If you’re a household CEO who is successfully making ends meet on roughly $40,000 per year or less, I’d love to hear from you. Contact me at Len@LenPenzo.com and be sure to put “$40,000″ in the subject line. If I publish your story, you’ll get a $25 gift card!

Photo Credit: PhillipC

11 comments to How I Live on Less Than $40,000 Annually: Lynsey from Minnesota

  • That’s great that you live within your means but still enjoy yourself and don’t deprive yourself. That is key!

  • Sean

    I like how you have a set of rules that you use. That sounds like a great way to stay on track but also have fun with your money and not be too much of a miser. I try to do some automation of my finances (transfers to savings,credit card autopayment) but I always feel like I start micromanaging it and stop that after a few months. Were you always able to never deprive yourself or have you struggled with it at times too ?

    • Lynsey

      I’ve always lived a pretty good life. I’ve never “deprived” myself of anything. I do, however, take a good hard look at purchases before I make them. Like do I really NEED that? Will this positively influence my life?

      I’ve found that spending money on EXPERIENCES rather than THINGS makes me happy. So when it comes to going to a concert, or taking a vacation… I go for it! But when it comes to brand new cars or fancy clothes, I pump the brakes.

  • Susan

    I like how you segregate your commissions from your steady income. You make it sound so easy! I know someone who has a variable income and can barely keep her head above water. Keep up the good work!

  • Starr

    You’ve got the right idea about enjoying what you have, but you have to be disciplined or that philosophy can turn into a trap very quickly. At 25 this may not be on your radar just yet, but are you actively putting away money for a new home, or maybe any other big plans?

    • Lynsey

      I don’t feel like I will ever be one to fall into a trap.

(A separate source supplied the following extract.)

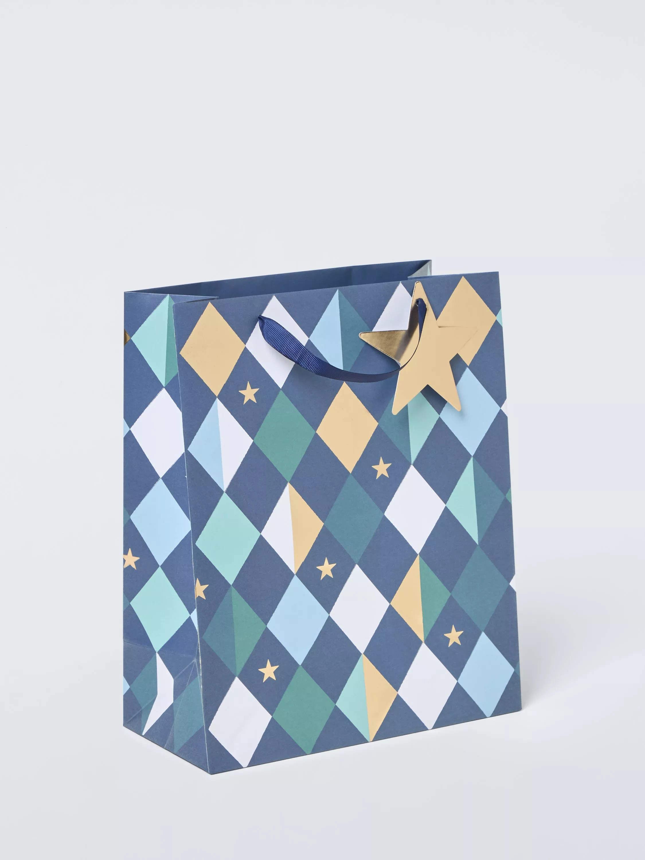 Diamond-patterned gift bag with gold foil accents, gold foil gift tag, and grosgrain ribbon handles.

I enjoy my life and spend money when and where I see fit… however, I have the ability to realize when enough is enough. I save anywhere from $5,000 to $13,000 per year in a savings account. PLUS $5000 that I contribute to my Roth IRA each year. So yes I am aware that saving is key. I will eventually buy my own home, but it won’t be for another 10 years when I retire :)

  • Nice plan so far! My husband and I are completely self-employed, so we make our budget based on our lowest months and try to bank the extra of any months better than that. Same general idea. :-)

  • akaGaGa

    Hmmm … I could be wrong, Len, but with the hunting and fishing, is Lynsey maybe a he instead of a she? If not, good for her. I used to be a backpacker, and it’s definitely something you need to do when you’re young and the family genes predict a bad back.

    • Len Penzo

      Well … I was under the impression Lynsey was female, if only because today the name (and its other variants, Lindsay, Lindsey) have been, for the most part, co-opted by the fairer sex. But there are exceptions to every rule!

      I’m hoping Lynsey will check in and let us know.

      • Lynsey

        I’ve always lived a pretty good life. I’ve never “deprived” myself of anything. I do, however, take a good hard look at purchases before I make them. Like do I really NEED that? Will this positively influence my life?

        I’ve found that spending money on EXPERIENCES rather than THINGS makes me happy. So when it comes to going to a concert, or taking a vacation… I go for it! But when it comes to brand new cars or fancy clothes, I pump the brakes.

  • Lynsey

    Oh and I just saw the last comment… I am a SHE! Growing up in small town NW Minnesota I have the hobbies of a HE though. This girl likes outdoor activities.